Plant care
Danvers Carrottemperature & humidity
Daucus carota subsp. sativus 'Danvers 126'
More about danvers carrot
Ideal temperature for danvers carrot
Aim for 7-24°C (45-75°F) on the thermostat and you've handled the easy part. The hard part is the half-metre around the plant: window glass that drops to near-freezing on a January night, a radiator pumping out hot dry air, a draught from an opened front door. Move the plant 30 cm and you've usually fixed the problem. Below roughly 7°C growth pauses; cold beyond that pushes it into dormancy rather than killing it outright.
Cold tolerance & winter care
Danvers Carrot is comparatively hardy (USDA Cool-season crop grown across USDA zones 3-10; roots tolerate light frost, which improves sweetness, RHS H5 (hardy in most of the UK; roots overwinter under mulch in milder areas)). Within that range it tolerates a cold dormant spell outdoors; outside it, grow it in a container you can move under cover or overwinter in a cool but frost-free spot. Hardiness assumes an established plant in well-drained soil — a wet, cold root zone kills far more plants than cold air alone.
Humidity for danvers carrot
Danvers Carrot sits happiest at around 40-70% relative humidity. Ambient outdoor humidity is fine; carrots are grown for their roots. Persistent leaf wetness and crowded foliage encourage leaf blights, so favour airflow and avoid overhead watering late in the day. The usual low-humidity tell is crisp brown leaf tips and edges while the soil moisture is fine — a sign the air, not the watering, is the problem. If you need to raise it, the reliable methods are grouping plants together, standing the pot on a tray of damp pebbles (the pot above the waterline, never in it), or running a small humidifier in winter when indoor heating dries the air most. Misting is the least effective — it raises humidity for minutes, not hours.
Danvers Carrot temperature & humidity — frequently asked questions
What temperature is best for danvers carrot?
Danvers Carrot grows best between 7-24°C (45-75°F). Keep it out of cold draughts, off freezing windowsills in winter, and away from the hot dry air directly above radiators — the extremes matter far more than the average room temperature.
How cold can danvers carrot tolerate?
Danvers Carrot starts to suffer below roughly 7°C. It tolerates a cold dormant period within USDA Cool-season crop grown across USDA zones 3-10; roots tolerate light frost, which improves sweetness, but a wet cold root zone is more dangerous than cold air.
What humidity does danvers carrot need?
Danvers Carrot prefers about 40-70% relative humidity. Ambient outdoor humidity is fine; carrots are grown for their roots. Persistent leaf wetness and crowded foliage encourage leaf blights, so favour airflow and avoid overhead watering late in the day.
How do I raise humidity for danvers carrot?

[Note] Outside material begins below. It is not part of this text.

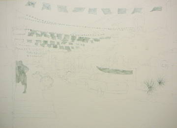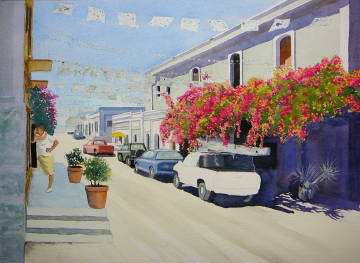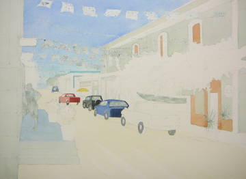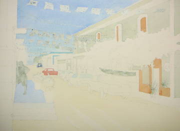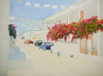 First I need to correct the perspective of the street and buildings in the sketch. The edges of a camera's lens always distort the verticals, especially if the camera is not level when the picture is taken. Of course, the telephone pole has to go and also the confusing giraffe and other items behind the couple. I add an extra row of flags closer to the observer to help establish distance. I plan to emphasize the light in the street by sandwiching it between shadow areas at the left and right. Good darks are going to be particularly important to emphasize the lights. Most of the whites in the building facades will be easy to paint around but complicated areas, like the flags, and places where I want to preserve white paper for highlights or to ensure the brightness of later color need to be masked before painting. I apply masking to the plant on the right with a pen rather than a brush to get thin delicate lines and gesture. (Click on the images to see them a little larger).Painting a watercolor is 50% thought and 50% action. Most people don't realize that. Often I'm asked "Well, how long did it take you to paint that?" The answer isn't easy because I probably began the painting while driving around town – How am I going to approach it? What techniques? What are the things to be careful of? What compositional problems are there? I make a start working conventionally from light to dark. I put in a sky with a mixture of Cobalt and Cerulean blues, cooler in the distance. I don't have to worry about the flags as they are masked. I leave out the complex happenings at the end of the street and settle for a simple hill.I apply a very pale yellowish wash to the road and here I lose a couple of opportunities. I should have left the far end of the street white, again to emphasize the light there, and incorporated more dry brush with the white of the paper shining through to simulate the glare of reflected light off the road ... but I didn't. Oh, well! Next I begin to work the initial grey-green washes on the buildings and also use some greyed Burnt Sienna for woodwork in sun. I apply a Cobalt blue wash to the top surface of the sidewalk that seems to reflect the sky. This is an underpainting for the final wash that comes later. I begin to develop the line of cars on the street. I work the vehicles using colors that I choose, rather than the actual ones, in order again to emphasize the whites, working the values on the cars to express their shape and lighting. At the end I will scratch a bit of sparkle on them to show highlights. Most of the cars were white as you see from the reference photo and that would do nothing for the painting. At this stage I leave out the nearest vehicle because I'm unsure what color to make it; I don't really want to repeat one of the other colors. Blue would be lost in the shadows in that area and red would be lost in the bright flowers, yellow would compete for attention. Why not green? Well, I could invent a reason but I just don't think the kind of green used on cars will work. Now I tackle the bougainvillea using Holbein Opera and my usual W&N Permanent Alizarin crimson. I want it really bright. I spritz the paper with water dots before beginning and during the work, protecting other painted areas with my hand, to enhance edge effects by producing some hard and some soft edges. I try to produce sprays of blooms leaving white in between. After drying the work, I apply a mid-value, yellow-green wash between the flowers with New Gamboge and Cobalt blue, charging in a dark green mix of New Gamboge and French Ultramarine while it is wet. Light spritzing was used. All this is a bit tedious but necessary.At this stage, I rather feel I've overdone the redness of the flowers and am not too happy with the result. You should always complete a watercolor, however, because it is often in the later stages that things come together. I'm hoping my darks will counterbalance this overbearing passage. I add a little bougainvillea at the left with cooler colors (it's in the shade) to carry some of the Opera color over; there will be more in the pots on the sidewalk. I start to add some mid-dark shadows with a grayed purple from Alizarin crimson, French Ultramarine and some green to develop dimensionality in the buildings. I also begin to add the doorways that punctuate the very light facade of the buildings on the right. Their darks will help in establishing bright sunlight. I continue to add shadows making the ones under the cars really dark to anchor them down and linking that passage to the shadow under the bougainvillea at the right. I complete the open windows at the second storey with a warm dark from F. Ultramarine, Sepia and a little red, and shadow the closed wood shutter. I pay particular attention to the filigree shadows on the road at right.Removing the masking on the figures at the left, I develop them to completion. I also wash over the pale grey concrete (Cobalt and Burnt Sienna), add the flower pots and plants (taking care not to make them too bright because they are in shade), complete the steps and the balcony projections above remembering to allow for reflected light from the road. I remain uncertain about the color of the pickup truck so I cut out several shapes that approximate the body, paint them different colors and superimpose them on the truck. I make my selection and poll trusted critics also. We all choose the same color one problem solved. Finishing stages

Group it with other plants, stand the pot on a tray of damp pebbles (kept above the waterline), or run a small humidifier in winter. Misting only helps for a few minutes, so it is the weakest option for a plant that genuinely needs more humidity.
Can danvers carrot live outside?
Danvers Carrot is rated for USDA zone Cool-season crop grown across USDA zones 3-10; roots tolerate light frost, which improves sweetness and RHS hardiness H5 (hardy in most of the UK; roots overwinter under mulch in milder areas). Within that range it can stay outdoors; outside it, grow it in a moveable container and protect the roots from a wet, cold winter.
More danvers carrot care
In the UK? Keeping danvers carrot warm in a UK home covers the radiator, single-glazing and heating-season humidity angle. Temperature and humidity are one piece. See the full danvers carrot care guide, its cold-hardiness guide, and watering schedule — humidity and watering problems are easy to confuse.